Chief executive officer David Denison said the CPPIB was able to take advantage of the aftermath of the financial crisis last year to acquire assets in private equity, real estate and infrastructure at good valuations.

"Unlike many other investors, we did not suffer from capital or liquidity constraints last year," Mr. Denison said in a statement. "In fact, our experience investment teams completed a number of significant transactions during the year."

Despite the improved returns, however, the CPPIB's 10-year annual average return of 5.5 per cent is below the estimated levels needed over the next 75 years to ensure the CPP is sustainable over the long term at its current contribution rate.

Canada's chief actuary has estimated the CPPIB needs to earn at least 4.2 per cent annually after inflation to meet its funding needs. With inflation averaging about two per cent over the past decade, that means annual returns would have had to be about 6.2 per cent to meet required targets.

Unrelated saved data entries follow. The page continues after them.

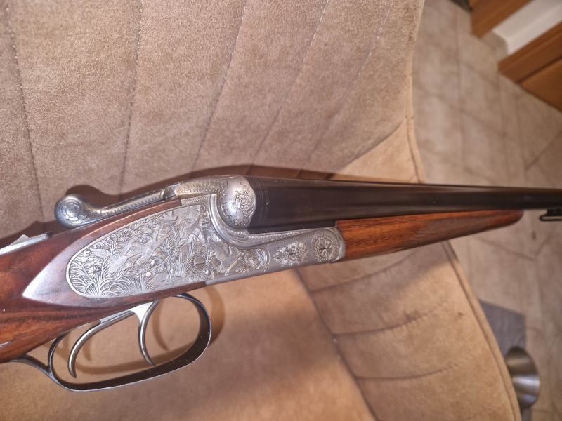 Sehr schöne fast neuwertige Seitenschlossflinte von Merkel. Es handelt sich um das Modell 147 S.
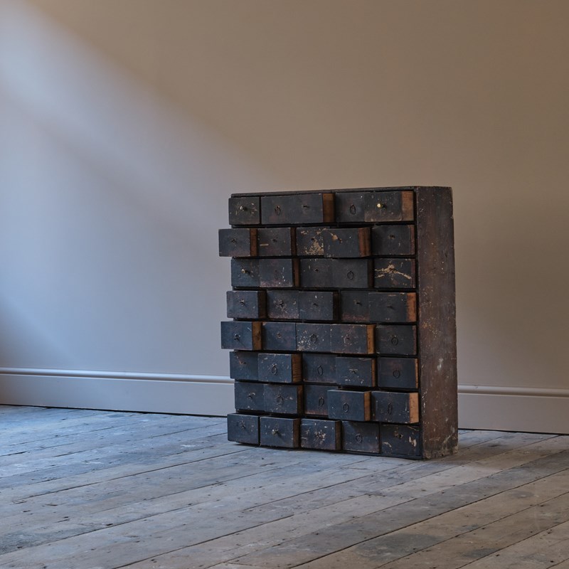 Georgian Pine Bank Of 40 Drawers In The Original Paint
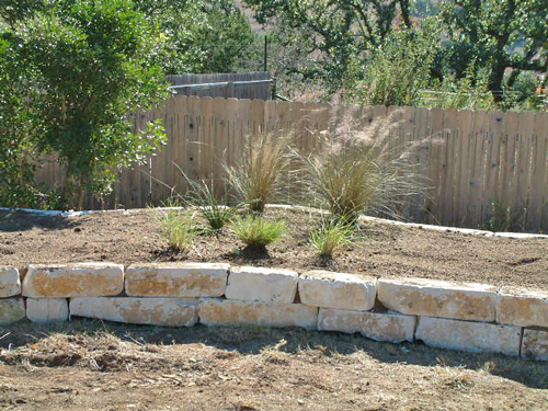 I placed a collection of grasses, a couple of Red Yuccas, and a purple Trailing Lantana in the north end of the west bed.

In an interview Thursday, Mr. Denison said the fund is "fully sustainable" and he is confident the long-term target is still attainable over the 75-year time frame facing the fund.

He noted the CPPIB was created only 10 years ago, and since its inception global equity markets have posted their worst returns of the past 200 years. The fund has still earned returns close to its needed levels of performance.

"If the Canada Pension Plan had started investing assets at the beginning of the 1990s, on a cumulative basis we would be way above the 4.2-per-cent real rate of return on a 20-year basis," he said.

"You have to take these [return]snapshots, but I think there's a high degree of conviction that over the longer period of time the kind of asset mix we have in the fund will earn 4.2 per cent real rate of return - hopefully well above that."

The CPPIB also reported Thursday that Mr. Denison earned total compensation of $2.99-million in fiscal 2010, up 2 per cent from $2.92-million in 2009. The four top executives as a group earned $9.57-million last year, up 12 per cent from $8.52-million last year.

The fund faced criticisms last year for paying bonuses to executives despite posting a 19-per-cent loss for the year.